De diepte van de vlek moeten verstrekken optimale beelden van een bepaald exemplaar is weer afhankelijk van de monster2. Als de vlek te ondiep is, moleculen kunnen worden beschadigd door de elektronenbundel maar als de vlek te dik is structurele kenmerken kunnen verloren gaan. Diepte van de vlek wordt beïnvloed door meerdere factoren zoals de hydrophilicity van het oppervlak van het raster, gelijkmatigheid van de carbon laag, het bedrag van de vlek toegepast op het raster, de lengte van tijd vlek in contact met het raster voorafgaand aan bevlekken is, de omvang van het bevlekken en de tijd het ta Kes voor het raster om volledig droog. Een raster zal hebben nooit een gelijkmatige verdeling van de vlek in zijn geheel en gebieden van het raster geschikt voor imaging moeten zorgvuldig worden geselecteerd. Inderdaad, rasters vaak variëren in kwaliteit zelfs wanneer voorbereid op dezelfde dag onder dezelfde omstandigheden. Een goed voorbeeld van hoe variatie in vlek diepte de vormgeving van moleculen en de diepte van de juiste vlek bepaalt voor imaging wordt verzorgd door Burgess et al.5.
Ondanks de negatieve kleuring wordt een zeer veelzijdige, snelle en eenvoudige methode, zijn niet alle biologische monsters vatbaar voor visualisatie door deze methode. Kwetsbare assemblages kunnen samenvouwen of demonteren bij adsorptie, kleuring of drogen op de EM raster22. Negatieve kleuring kan ook leiden tot afvlakking van moleculen en voorkeur oriëntaties van moleculen op de koolstof ondersteuning film7induceren.

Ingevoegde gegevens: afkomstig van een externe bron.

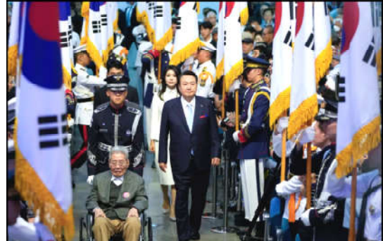
South Korean President Yoon Suk Yeol and his wife Kim Keon Hee arrive at a ceremony to celebrate the 78th anniversary of the Korean Liberation Day from Japanese colonial rule in 1945, in Seoul, South Korea.

Monitoring Desk BEIJING: China and India agreed to maintain peace and tranquillity on the ground in the border areas, China's defence ministry said in a joint statement on the 19th round of the China-India Corps Commander Level Meeting on Tuesday. Both sides had a positive, constructive, and in-depth discussion on the resolution of the remaining issues along the LAC (line of actual control) in the Western Sector.

Negatieve vlek is een waardevol instrument voor de beoordeling van de specimens in zijn eigen recht, en ook vóór de cryo-EM analyse, maar veel van de fysieke krachten die het monster tijdens het tegenkomt slecht worden begrepen. Daarom is de beste aanpak te gebruiken is zeer proef afhankelijk en moet worden bepaald door trial-and-error in plaats van na een vast protocol onderwezen.